# What you are asked to do:
With the pictures excluded, retype the records that follow exactly.

---------- Exercise materials

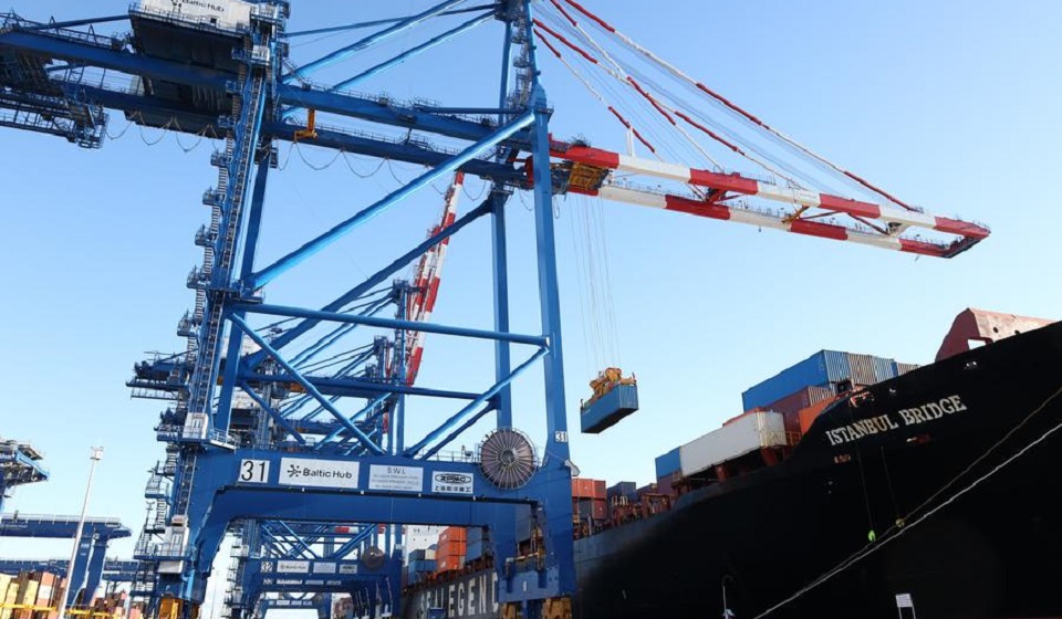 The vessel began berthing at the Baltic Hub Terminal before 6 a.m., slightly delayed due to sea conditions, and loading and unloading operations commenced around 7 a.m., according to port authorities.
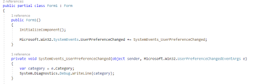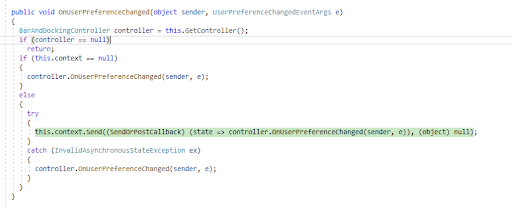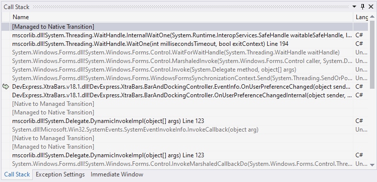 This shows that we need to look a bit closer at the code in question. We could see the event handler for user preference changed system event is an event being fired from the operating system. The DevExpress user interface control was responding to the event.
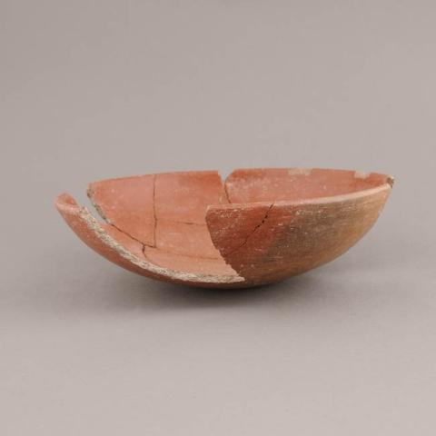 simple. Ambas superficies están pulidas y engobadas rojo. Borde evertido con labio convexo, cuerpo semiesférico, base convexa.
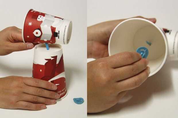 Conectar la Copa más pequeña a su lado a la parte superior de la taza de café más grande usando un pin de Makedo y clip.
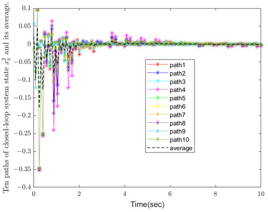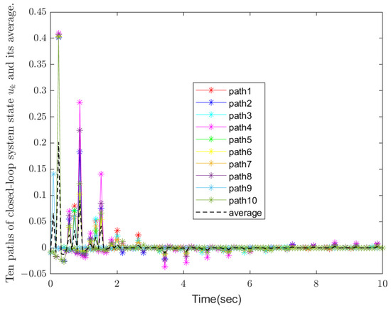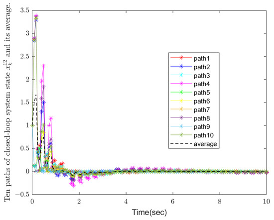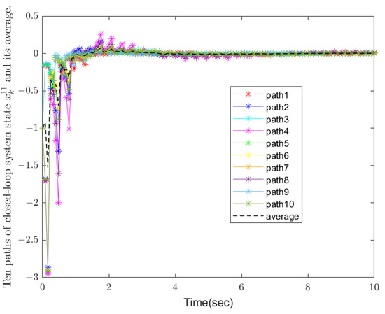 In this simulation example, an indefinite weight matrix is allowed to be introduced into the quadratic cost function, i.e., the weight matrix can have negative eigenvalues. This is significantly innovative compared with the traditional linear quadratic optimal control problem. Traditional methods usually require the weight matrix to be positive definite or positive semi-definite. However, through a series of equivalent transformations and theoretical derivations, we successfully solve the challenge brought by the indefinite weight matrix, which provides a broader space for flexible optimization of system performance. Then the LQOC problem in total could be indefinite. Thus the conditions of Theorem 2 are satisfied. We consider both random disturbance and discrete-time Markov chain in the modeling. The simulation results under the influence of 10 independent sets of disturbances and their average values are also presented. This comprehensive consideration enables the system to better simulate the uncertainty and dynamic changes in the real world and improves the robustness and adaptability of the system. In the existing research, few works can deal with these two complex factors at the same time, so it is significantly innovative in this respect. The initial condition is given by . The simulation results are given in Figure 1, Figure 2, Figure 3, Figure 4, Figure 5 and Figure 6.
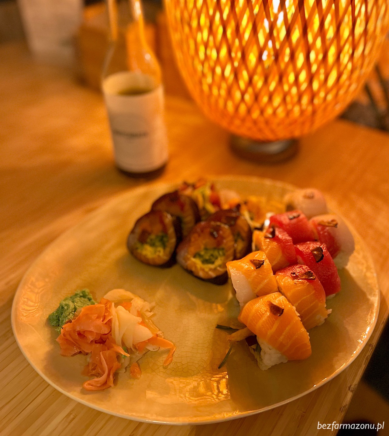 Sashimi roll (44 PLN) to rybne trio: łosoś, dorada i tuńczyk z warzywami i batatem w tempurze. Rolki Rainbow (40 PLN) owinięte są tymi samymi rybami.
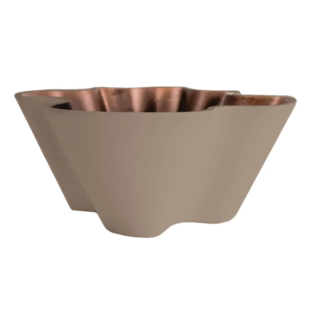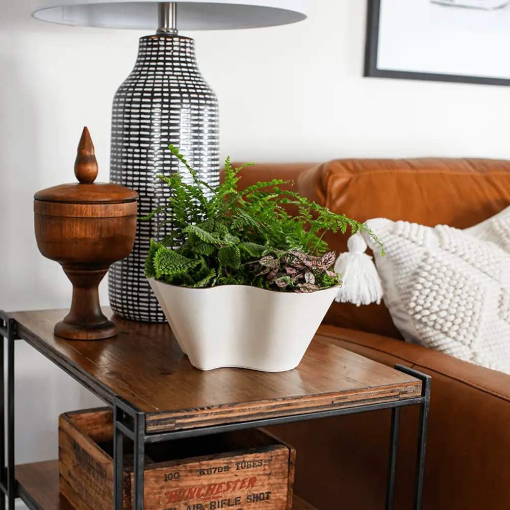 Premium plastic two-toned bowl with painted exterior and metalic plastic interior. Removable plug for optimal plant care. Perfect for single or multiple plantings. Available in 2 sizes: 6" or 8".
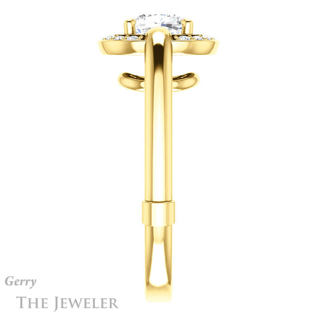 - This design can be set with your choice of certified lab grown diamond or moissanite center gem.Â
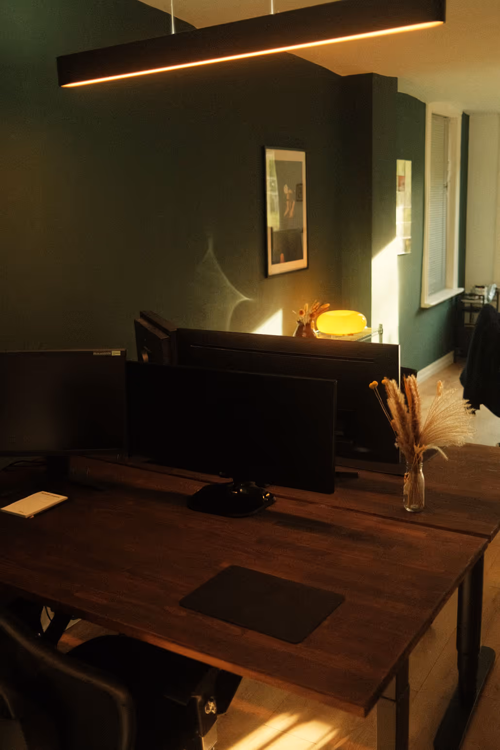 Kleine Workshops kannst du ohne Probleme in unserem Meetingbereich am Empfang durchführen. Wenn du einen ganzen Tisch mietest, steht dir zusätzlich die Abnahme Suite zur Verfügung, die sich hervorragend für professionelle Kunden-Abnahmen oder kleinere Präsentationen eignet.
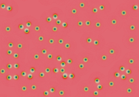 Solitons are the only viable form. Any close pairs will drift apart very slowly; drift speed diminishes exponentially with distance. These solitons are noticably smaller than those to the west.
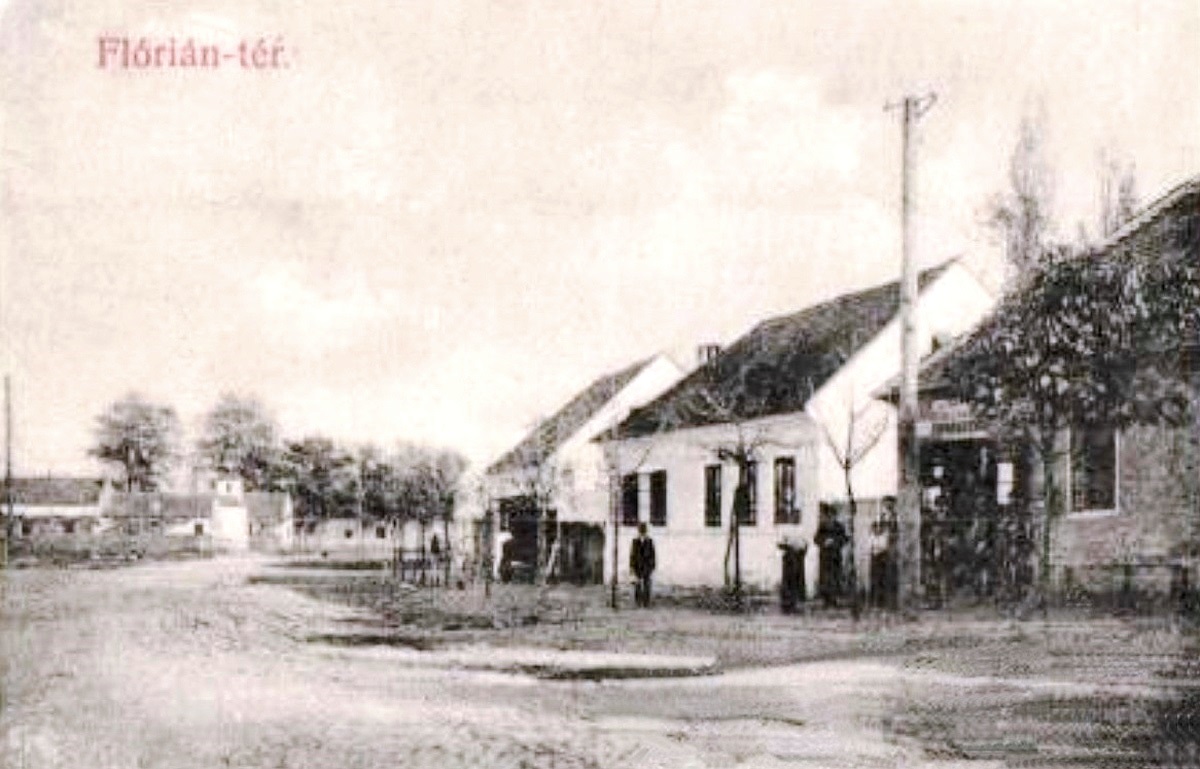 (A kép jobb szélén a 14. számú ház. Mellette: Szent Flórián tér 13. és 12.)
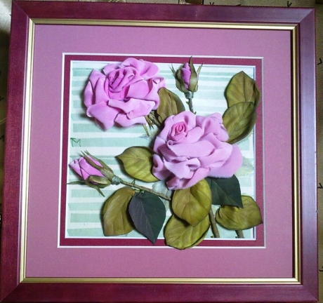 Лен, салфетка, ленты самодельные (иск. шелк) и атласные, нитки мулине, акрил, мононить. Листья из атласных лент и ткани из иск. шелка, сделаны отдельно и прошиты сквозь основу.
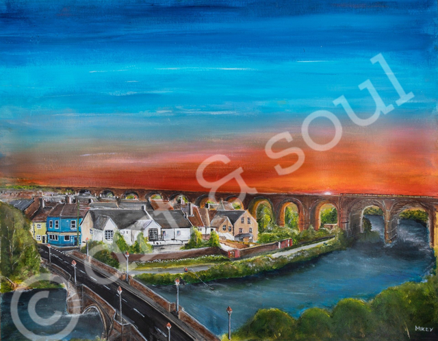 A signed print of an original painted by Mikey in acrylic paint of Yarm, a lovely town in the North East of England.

--------------------

# Response to this exercise:
 The vessel began berthing at the Baltic Hub Terminal before 6 a.m., slightly delayed due to sea conditions, and loading and unloading operations commenced around 7 a.m., according to port authorities.
 This shows that we need to look a bit closer at the code in question. We could see the event handler for user preference changed system event is an event being fired from the operating system. The DevExpress user interface control was responding to the event.
 simple. Ambas superficies están pulidas y engobadas rojo. Borde evertido con labio convexo, cuerpo semiesférico, base convexa.
 Conectar la Copa más pequeña a su lado a la parte superior de la taza de café más grande usando un pin de Makedo y clip.
 In this simulation example, an indefinite weight matrix is allowed to be introduced into the quadratic cost function, i.e., the weight matrix can have negative eigenvalues. This is significantly innovative compared with the traditional linear quadratic optimal control problem. Traditional methods usually require the weight matrix to be positive definite or positive semi-definite. However, through a series of equivalent transformations and theoretical derivations, we successfully solve the challenge brought by the indefinite weight matrix, which provides a broader space for flexible optimization of system performance. Then the LQOC problem in total could be indefinite. Thus the conditions of Theorem 2 are satisfied. We consider both random disturbance and discrete-time Markov chain in the modeling. The simulation results under the influence of 10 independent sets of disturbances and their average values are also presented. This comprehensive consideration enables the system to better simulate the uncertainty and dynamic changes in the real world and improves the robustness and adaptability of the system. In the existing research, few works can deal with these two complex factors at the same time, so it is significantly innovative in this respect. The initial condition is given by . The simulation results are given in Figure 1, Figure 2, Figure 3, Figure 4, Figure 5 and Figure 6.
 Sashimi roll (44 PLN) to rybne trio: łosoś, dorada i tuńczyk z warzywami i batatem w tempurze. Rolki Rainbow (40 PLN) owinięte są tymi samymi rybami.
 Premium plastic two-toned bowl with painted exterior and metalic plastic interior. Removable plug for optimal plant care. Perfect for single or multiple plantings. Available in 2 sizes: 6" or 8".
 - This design can be set with your choice of certified lab grown diamond or moissanite center gem.Â
 Kleine Workshops kannst du ohne Probleme in unserem Meetingbereich am Empfang durchführen. Wenn du einen ganzen Tisch mietest, steht dir zusätzlich die Abnahme Suite zur Verfügung, die sich hervorragend für professionelle Kunden-Abnahmen oder kleinere Präsentationen eignet.
 Solitons are the only viable form. Any close pairs will drift apart very slowly; drift speed diminishes exponentially with distance. These solitons are noticably smaller than those to the west.
 (A kép jobb szélén a 14. számú ház. Mellette: Szent Flórián tér 13. és 12.)
 Лен, салфетка, ленты самодельные (иск. шелк) и атласные, нитки мулине, акрил, мононить. Листья из атласных лент и ткани из иск. шелка, сделаны отдельно и прошиты сквозь основу.
 A signed print of an original painted by Mikey in acrylic paint of Yarm, a lovely town in the North East of England.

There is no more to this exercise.